## EXERCISE MATERIAL
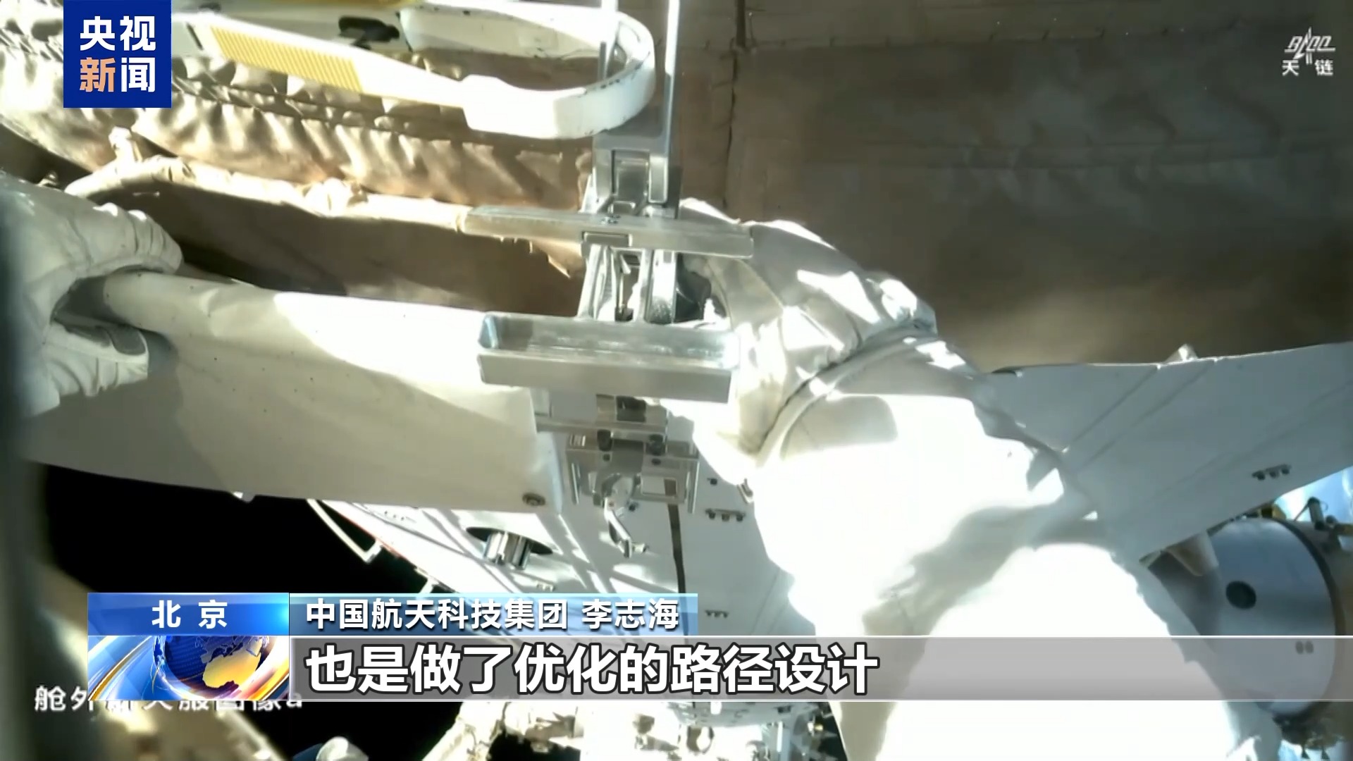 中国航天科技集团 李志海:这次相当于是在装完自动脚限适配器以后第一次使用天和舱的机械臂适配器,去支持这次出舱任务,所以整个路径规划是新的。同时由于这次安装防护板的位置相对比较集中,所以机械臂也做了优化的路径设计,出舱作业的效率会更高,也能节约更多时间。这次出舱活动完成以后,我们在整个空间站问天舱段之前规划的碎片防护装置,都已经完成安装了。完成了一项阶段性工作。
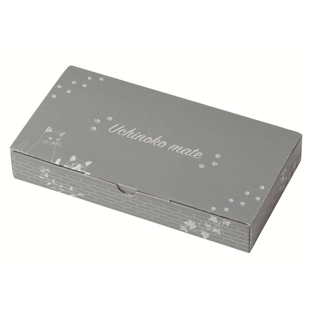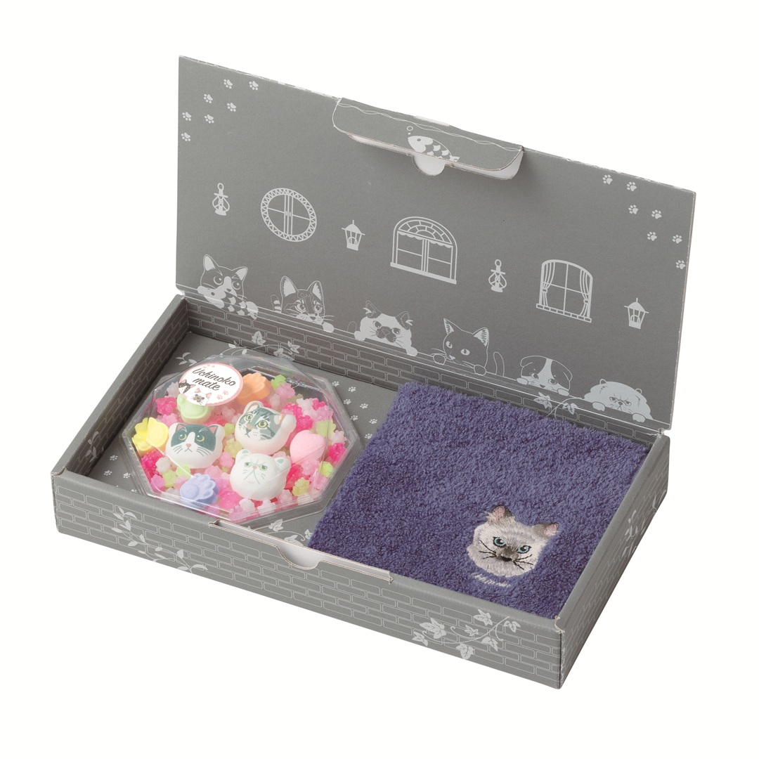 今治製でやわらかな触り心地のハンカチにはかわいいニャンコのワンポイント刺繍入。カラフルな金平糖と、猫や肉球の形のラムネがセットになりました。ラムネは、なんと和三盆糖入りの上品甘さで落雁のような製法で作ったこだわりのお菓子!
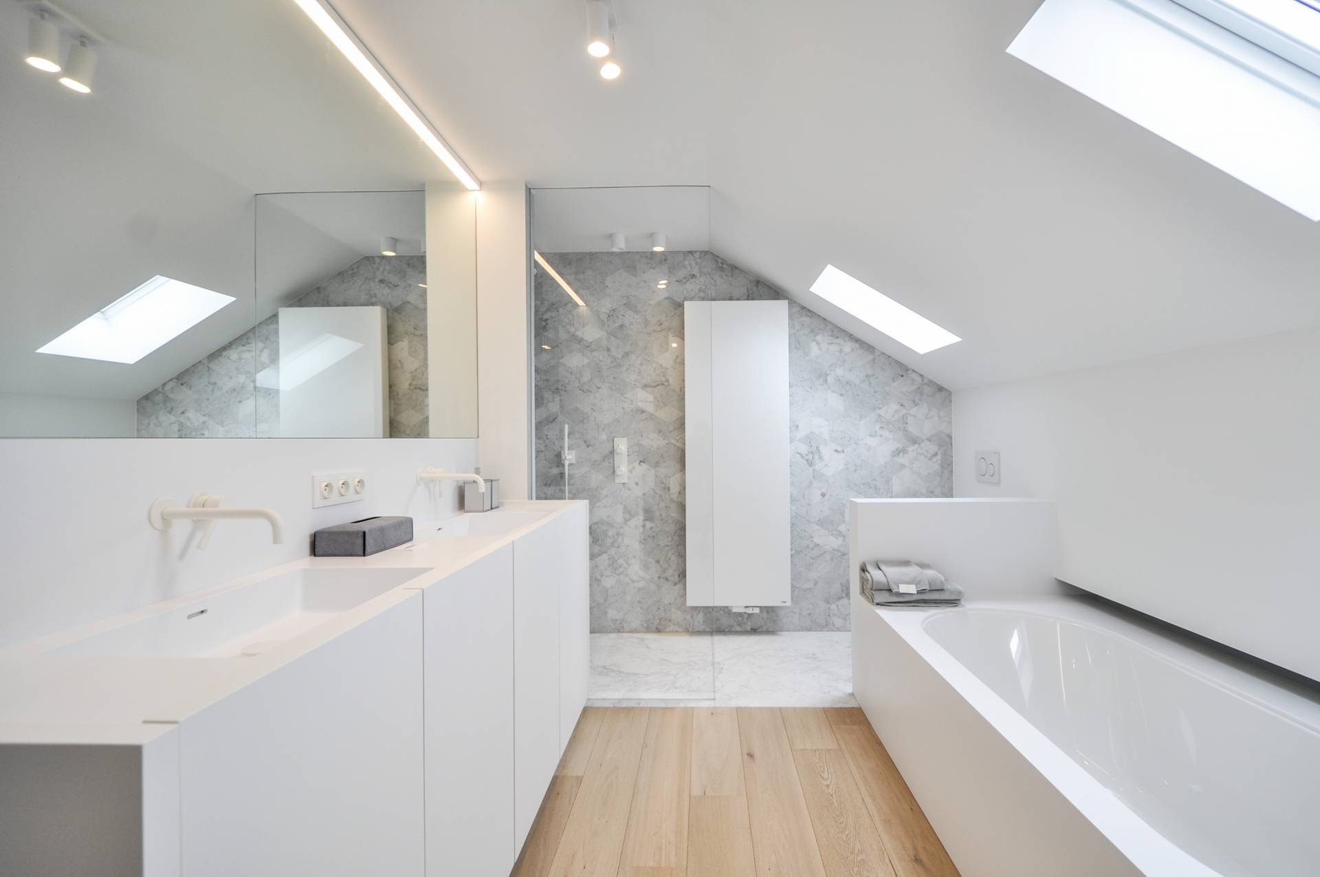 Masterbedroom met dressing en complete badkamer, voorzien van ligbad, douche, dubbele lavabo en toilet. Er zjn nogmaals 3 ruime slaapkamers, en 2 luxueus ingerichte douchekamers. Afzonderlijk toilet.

* * *

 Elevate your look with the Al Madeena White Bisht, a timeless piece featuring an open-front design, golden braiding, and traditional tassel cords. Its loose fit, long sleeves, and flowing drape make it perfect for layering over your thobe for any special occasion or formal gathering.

## WHAT IS EXPECTED
Using the material above, transcribe exactly the lines from the one holding "中国航天科技集团 李志海:这" to the one holding "Masterbedroom met dressing", both ends kept. Do not carry over any pictures.

## EXERCISE ANSWER
 中国航天科技集团 李志海:这次相当于是在装完自动脚限适配器以后第一次使用天和舱的机械臂适配器,去支持这次出舱任务,所以整个路径规划是新的。同时由于这次安装防护板的位置相对比较集中,所以机械臂也做了优化的路径设计,出舱作业的效率会更高,也能节约更多时间。这次出舱活动完成以后,我们在整个空间站问天舱段之前规划的碎片防护装置,都已经完成安装了。完成了一项阶段性工作。
 今治製でやわらかな触り心地のハンカチにはかわいいニャンコのワンポイント刺繍入。カラフルな金平糖と、猫や肉球の形のラムネがセットになりました。ラムネは、なんと和三盆糖入りの上品甘さで落雁のような製法で作ったこだわりのお菓子!
 Masterbedroom met dressing en complete badkamer, voorzien van ligbad, douche, dubbele lavabo en toilet. Er zjn nogmaals 3 ruime slaapkamers, en 2 luxueus ingerichte douchekamers. Afzonderlijk toilet.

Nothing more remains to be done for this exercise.